▶ _Task brief_: All of the data, word for word and free of pictures, is the expected result.

▶ _Entries supplied_:
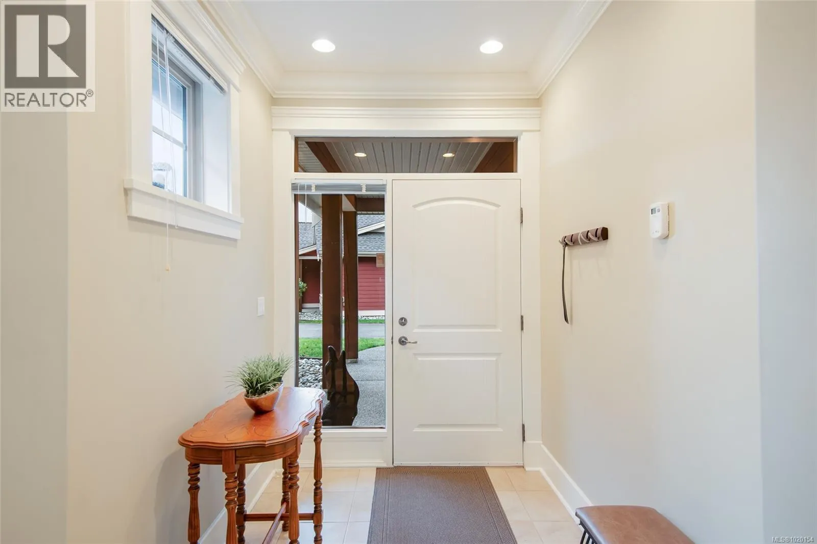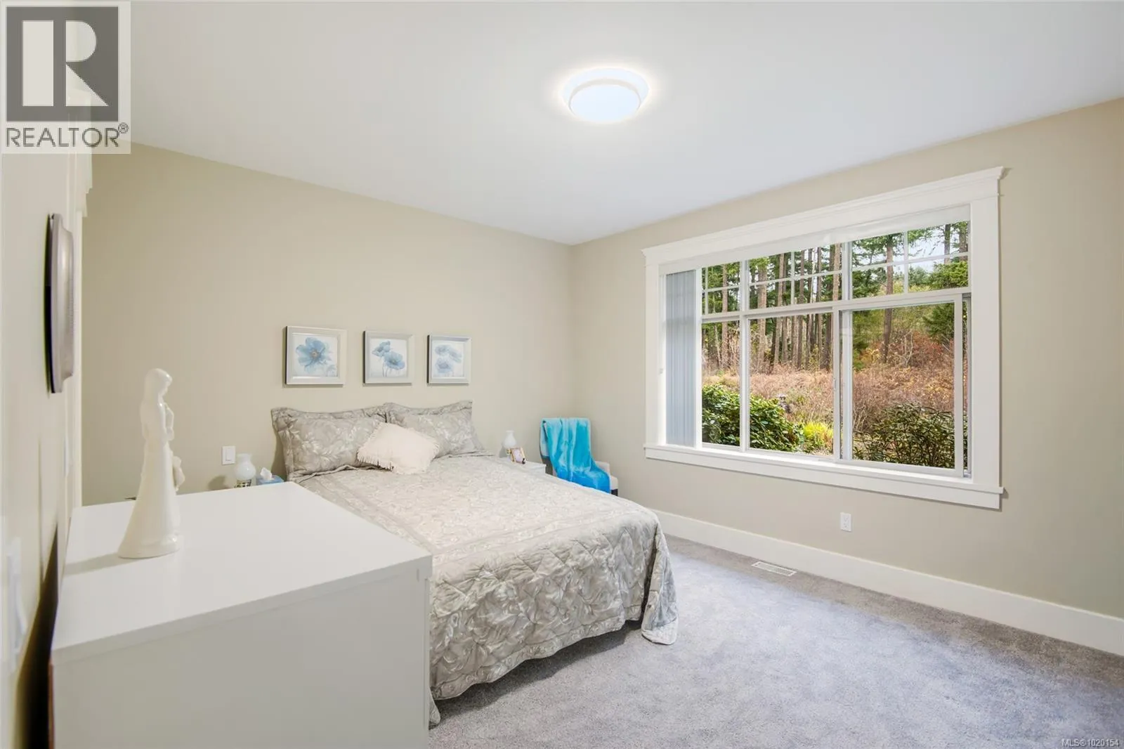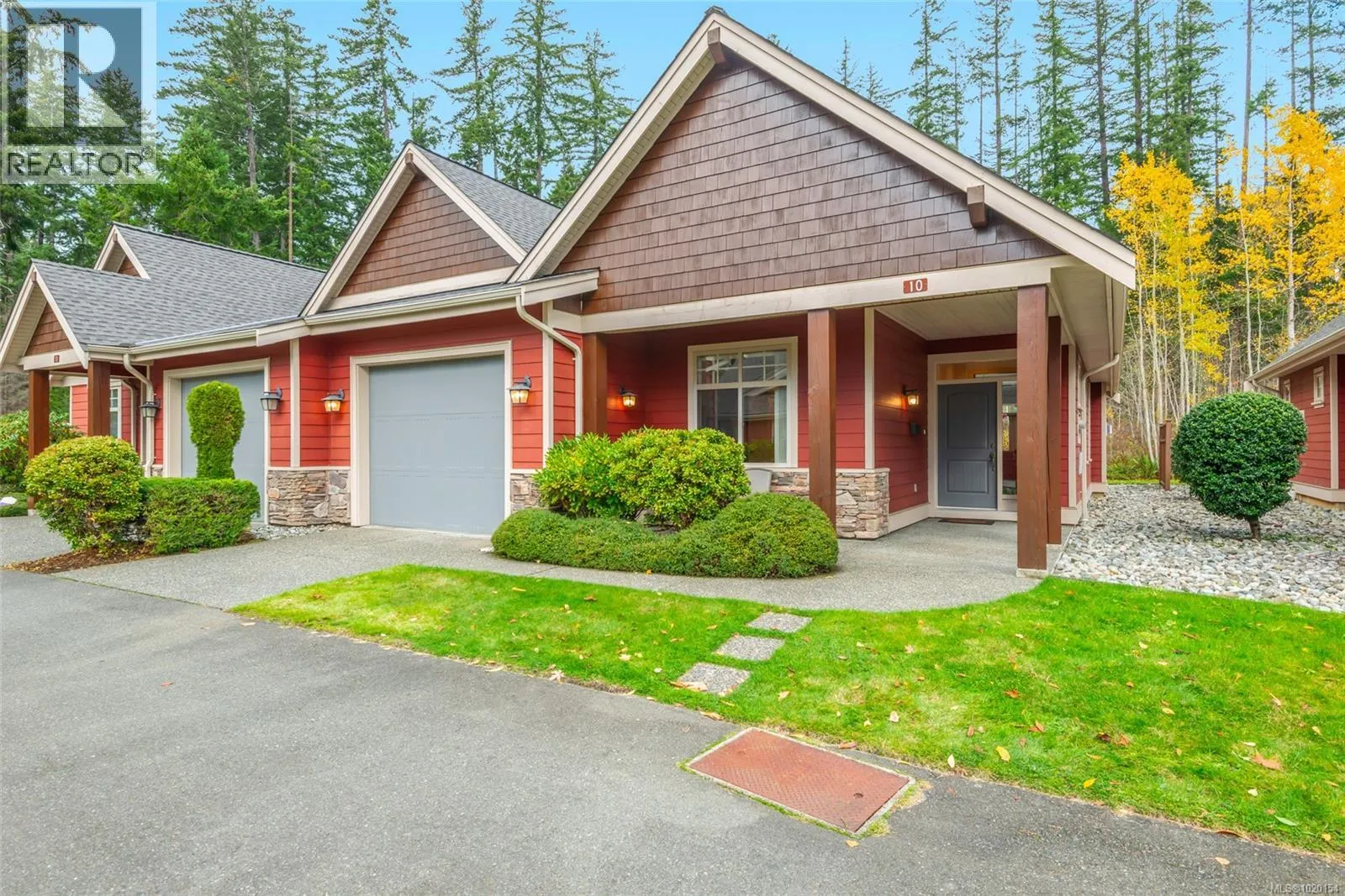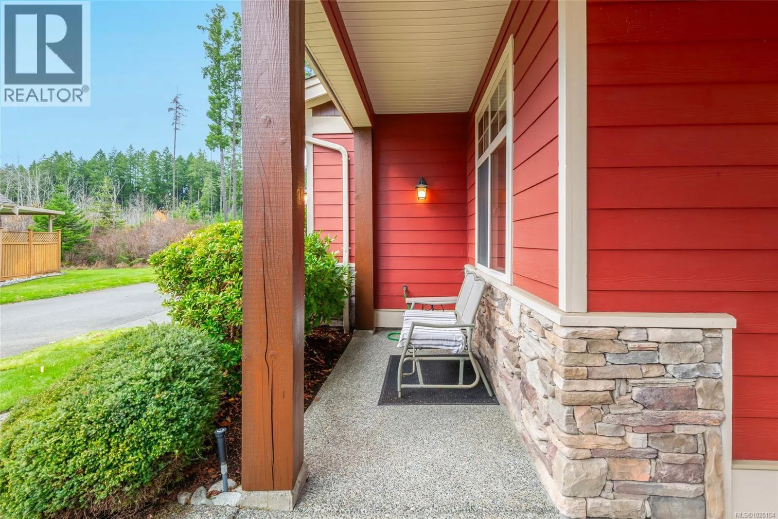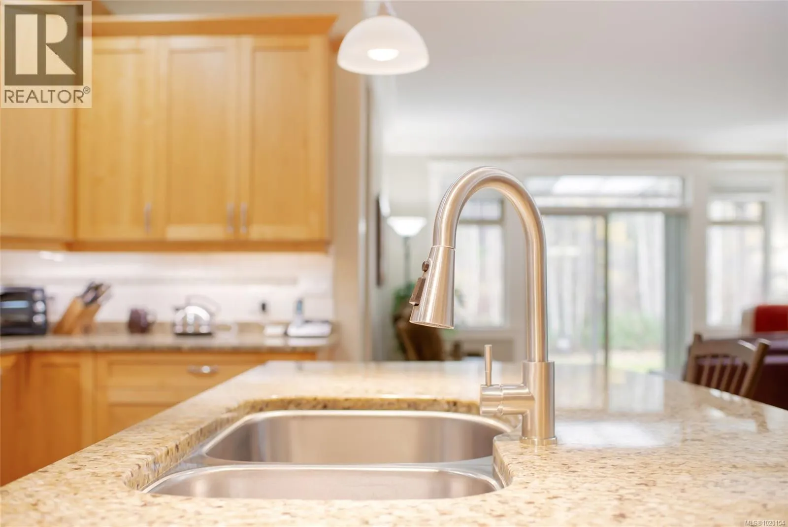 Tucked into a quiet cul-de-sac in College View Estates, this patio home offers calm, connection, and convenience in equal measure. Itâs the kind of place where neighbours wave hello and nature feels like part of the backyard - yet you're only minutes from the cityâs best amenities. Step inside and youâll feel it right away: the airy ease of 9-foot ceilings, and an open-concept layout that invites both relaxation and easy hosting. Expansive windows frame a forested backdrop, offering a daily view of birds and wildlife. Crown moulding and a natural gas fireplace add a touch of refinement, while the kitchen shines with custom shaker-style cabinets, granite countertops, and a generous island thatâs made for morning coffee or evening conversation. The main level is thoughtfully designed - the primary suite includes a walk-through closet and a 4-piece ensuite. A second bedroom and 3-piece bath offer space for guests or a home office. Thereâs also a full laundry room and a flexible dining area that feels ready for everything from quick bites to full dinner parties. Step outside to a covered patio and a tree-lined backyard - peaceful, private, and low-maintenance. The attached garage features a new automatic opener, and the home includes practical updates like a newer roof (2024), and a new hot water tank. This well-cared-for home is part of a friendly, well-maintained complex close to North Island College, Echo Pool, the MultiPlex, Bob Dailey Stadium, schools, shops, restaurants, and walking trails. Itâs been a place of comfort and connection - and now, itâs ready for whatâs next. Reach out to arrange a private viewing whenever youâre ready. (id:27476)
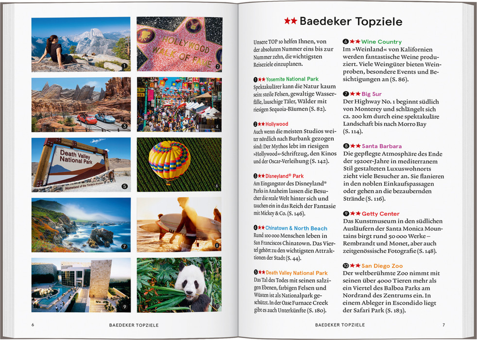 Als wenn er genau wüsste, was Ihnen gefällt – planen Sie morgens schnell und einfach den Tag mit dem Baedeker SMART Kalifornien Reiseführer. Besuchen Sie an einem Tag Los Angeles und Umgebung. In Hollywood können Sie sich für einen Moment wie die ganz großen Stars der Kinoleinwand fühlen und anschließend im Disneyland-Park Ihre Kindheitshelden treffen. Oder wie wäre es mit einem Abstecher nach San Diego im Süden von Kalifornien? Hier können Sie die einzigartige Wüstenstadt Palm Springs entdecken. Bei einem Trip entlang der Zentralküste sollten Sie keinesfalls die Orte Santa Barbara und Santa Cruz verpassen. Neben allen klassischen Reisezielen halten wir Reisetipps für ganz besondere Urlaubsmomente für Sie bereit. Folgen Sie beispielsweise den Spuren der Goldsucher in den Gold-Städten Sacramento und Gold Country – nicht umsonst wird Kalifornien auch „Golden State“ genannt. Mit unseren inspirierenden Ideen sorgen wir für eine entspannte Urlaubsplanung und machen Ihren Urlaub in Kalifornien unvergesslich.
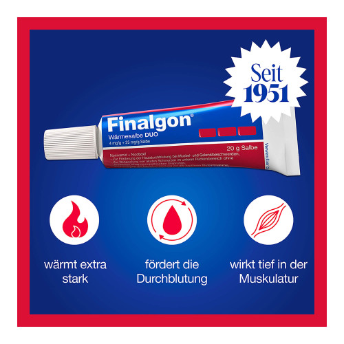 Finalgon Wärmesalbe DUO 4 mg/g + 25 mg/g Salbe. Anwendungsgebiete: Zur Förderung der Hautdurchblutung bei Muskel- und Gelenkbeschwerden; zur Behandlung von akuten Schmerzen im unteren Rückenbereich ohne Anzeichen eines neuropathischen Ursprungs; zur Förderung der Hautdurchblutung vor der kapillaren Blutentnahme, z. B. aus dem Ohrläppchen oder der Fingerkuppe. Warnhinweise: Enthält Sorbinsäure und einen Duftstoff mit Allergenen (3-Methyl-4-(2,6,6-trimethylcyclohex-2-en-1-yl)but-3-en-2-on, Amylcinnamal, Amylcinnamylalkohol, Anisylalkohol, Benzylalkohol, Benzylbenzoat, Benzylcinnamat, Benzylsalicylat, Zimtaldehyd, Cinnamylalkohol, Citral, Citronellol, Cumarin, d-Limonen, Eugenol, Farnesol, Geraniol, Hexylcinnamaldehyd, Hydroxycitronellal, Hydroxymethylpentyl-cyclohexencarboxaldehyd, Isoeugenol, Lilial, Linalool, Methylheptincarbonat, Eichenmoos, Baummoos).
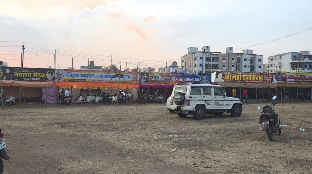 मालती इनामदार, काळू बाळू, विठा भाऊ मांग नारायणगावकर, भिका भीमा सांगवीकर, तुकाराम खेडकर सह पांडुरंग मुळे मांजरवाडीकर, मंगला बनसोडे, छाया खिलारे बारामतीकर, निलेश कुमार रूपाली पुणेकर, चंद्रकांत ढवळपुरीकर, आनंद लोकनाट्य तमाशा मंडळ, संध्या माने सोलापूरकर, दत्ता महाडिक पुणेकर, शिवकन्या बढे, दिपाली सुरेखा पुणेकर, अश्विनी पुणेकर, हिरामण ढवळपुरीकर आदी फड मालकांची या ठिकाणी या राहुट्या थाटल्या आहेत .
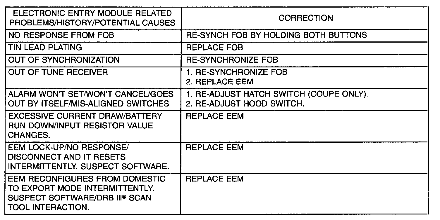The EEM system can communicate with the DRB III (R) scan tool and it is the recommended method for diagnosis. The EEM system does not display any Diagnostic Trouble Codes (DTC's). All of the input switches to the EEM can be read with the DRB III (R) scan tool under the I/O screen. The doors can be unlatched with the DRB III (R) scan tool under actuator tests. If the inputs are OK and the outputs can be cycled with the DRB III (R) scan tool, the problem is most likely the EEM. Refer to the VTSS Diagnosis table for diagnostics and the proper Body Diagnostic Procedures.
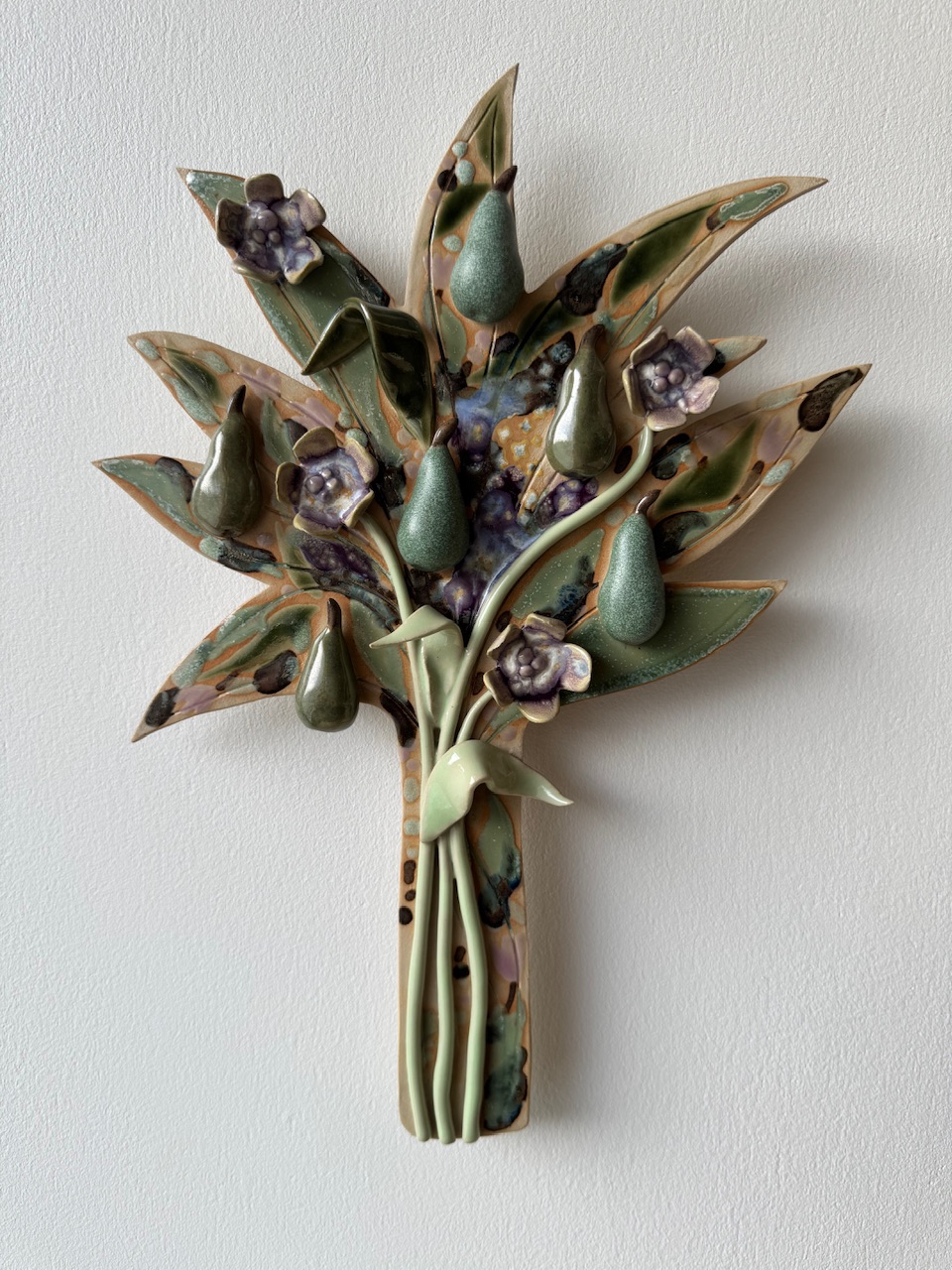 Veistos/seinäreliefi, 32 x 23cm, keramiikka, lasite. Signeerattu.
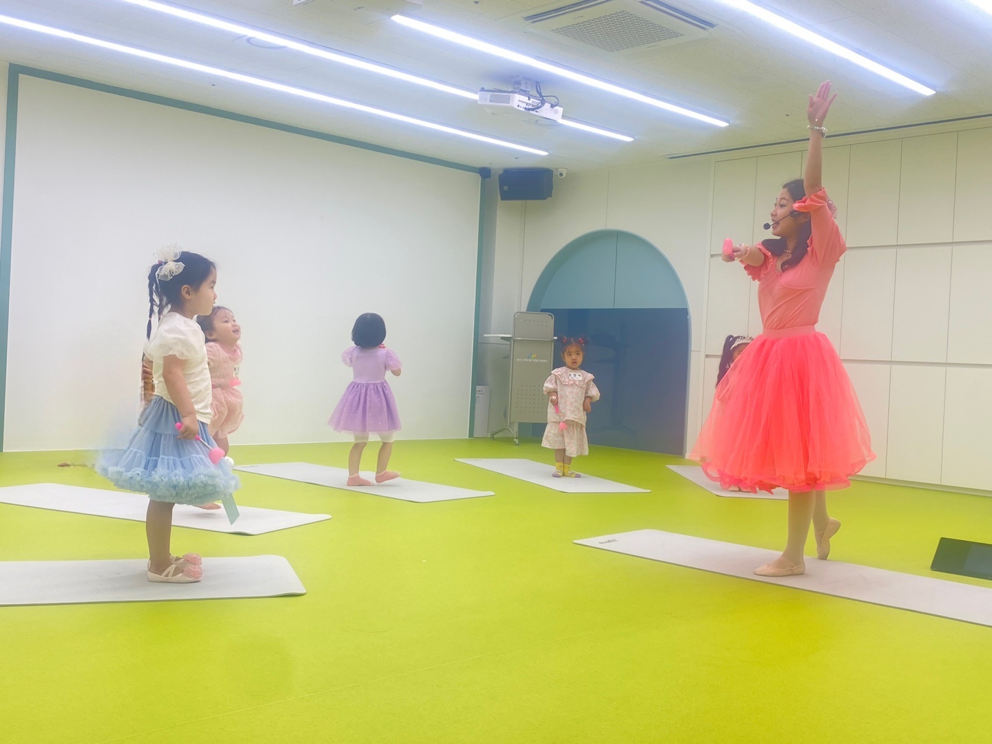 좋아하는 샤랄라 옷을 입고 발레 동작을 배워보았어요
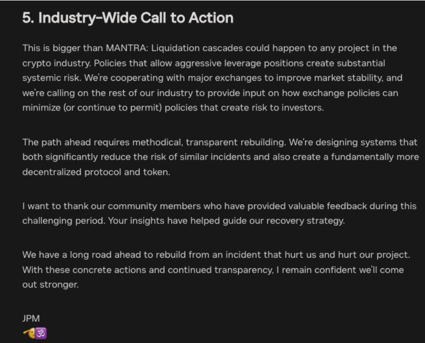 DeFi platform Mantra outlines governance reforms and calls for industry-wide collaboration to boost investor safety.

▶ _Response box_:
 Tucked into a quiet cul-de-sac in College View Estates, this patio home offers calm, connection, and convenience in equal measure. Itâs the kind of place where neighbours wave hello and nature feels like part of the backyard - yet you're only minutes from the cityâs best amenities. Step inside and youâll feel it right away: the airy ease of 9-foot ceilings, and an open-concept layout that invites both relaxation and easy hosting. Expansive windows frame a forested backdrop, offering a daily view of birds and wildlife. Crown moulding and a natural gas fireplace add a touch of refinement, while the kitchen shines with custom shaker-style cabinets, granite countertops, and a generous island thatâs made for morning coffee or evening conversation. The main level is thoughtfully designed - the primary suite includes a walk-through closet and a 4-piece ensuite. A second bedroom and 3-piece bath offer space for guests or a home office. Thereâs also a full laundry room and a flexible dining area that feels ready for everything from quick bites to full dinner parties. Step outside to a covered patio and a tree-lined backyard - peaceful, private, and low-maintenance. The attached garage features a new automatic opener, and the home includes practical updates like a newer roof (2024), and a new hot water tank. This well-cared-for home is part of a friendly, well-maintained complex close to North Island College, Echo Pool, the MultiPlex, Bob Dailey Stadium, schools, shops, restaurants, and walking trails. Itâs been a place of comfort and connection - and now, itâs ready for whatâs next. Reach out to arrange a private viewing whenever youâre ready. (id:27476)
 Als wenn er genau wüsste, was Ihnen gefällt – planen Sie morgens schnell und einfach den Tag mit dem Baedeker SMART Kalifornien Reiseführer. Besuchen Sie an einem Tag Los Angeles und Umgebung. In Hollywood können Sie sich für einen Moment wie die ganz großen Stars der Kinoleinwand fühlen und anschließend im Disneyland-Park Ihre Kindheitshelden treffen. Oder wie wäre es mit einem Abstecher nach San Diego im Süden von Kalifornien? Hier können Sie die einzigartige Wüstenstadt Palm Springs entdecken. Bei einem Trip entlang der Zentralküste sollten Sie keinesfalls die Orte Santa Barbara und Santa Cruz verpassen. Neben allen klassischen Reisezielen halten wir Reisetipps für ganz besondere Urlaubsmomente für Sie bereit. Folgen Sie beispielsweise den Spuren der Goldsucher in den Gold-Städten Sacramento und Gold Country – nicht umsonst wird Kalifornien auch „Golden State“ genannt. Mit unseren inspirierenden Ideen sorgen wir für eine entspannte Urlaubsplanung und machen Ihren Urlaub in Kalifornien unvergesslich.
 Finalgon Wärmesalbe DUO 4 mg/g + 25 mg/g Salbe. Anwendungsgebiete: Zur Förderung der Hautdurchblutung bei Muskel- und Gelenkbeschwerden; zur Behandlung von akuten Schmerzen im unteren Rückenbereich ohne Anzeichen eines neuropathischen Ursprungs; zur Förderung der Hautdurchblutung vor der kapillaren Blutentnahme, z. B. aus dem Ohrläppchen oder der Fingerkuppe. Warnhinweise: Enthält Sorbinsäure und einen Duftstoff mit Allergenen (3-Methyl-4-(2,6,6-trimethylcyclohex-2-en-1-yl)but-3-en-2-on, Amylcinnamal, Amylcinnamylalkohol, Anisylalkohol, Benzylalkohol, Benzylbenzoat, Benzylcinnamat, Benzylsalicylat, Zimtaldehyd, Cinnamylalkohol, Citral, Citronellol, Cumarin, d-Limonen, Eugenol, Farnesol, Geraniol, Hexylcinnamaldehyd, Hydroxycitronellal, Hydroxymethylpentyl-cyclohexencarboxaldehyd, Isoeugenol, Lilial, Linalool, Methylheptincarbonat, Eichenmoos, Baummoos).
 मालती इनामदार, काळू बाळू, विठा भाऊ मांग नारायणगावकर, भिका भीमा सांगवीकर, तुकाराम खेडकर सह पांडुरंग मुळे मांजरवाडीकर, मंगला बनसोडे, छाया खिलारे बारामतीकर, निलेश कुमार रूपाली पुणेकर, चंद्रकांत ढवळपुरीकर, आनंद लोकनाट्य तमाशा मंडळ, संध्या माने सोलापूरकर, दत्ता महाडिक पुणेकर, शिवकन्या बढे, दिपाली सुरेखा पुणेकर, अश्विनी पुणेकर, हिरामण ढवळपुरीकर आदी फड मालकांची या ठिकाणी या राहुट्या थाटल्या आहेत .
The EEM system can communicate with the DRB III (R) scan tool and it is the recommended method for diagnosis. The EEM system does not display any Diagnostic Trouble Codes (DTC's). All of the input switches to the EEM can be read with the DRB III (R) scan tool under the I/O screen. The doors can be unlatched with the DRB III (R) scan tool under actuator tests. If the inputs are OK and the outputs can be cycled with the DRB III (R) scan tool, the problem is most likely the EEM. Refer to the VTSS Diagnosis table for diagnostics and the proper Body Diagnostic Procedures.
 Veistos/seinäreliefi, 32 x 23cm, keramiikka, lasite. Signeerattu.
 좋아하는 샤랄라 옷을 입고 발레 동작을 배워보았어요
 DeFi platform Mantra outlines governance reforms and calls for industry-wide collaboration to boost investor safety.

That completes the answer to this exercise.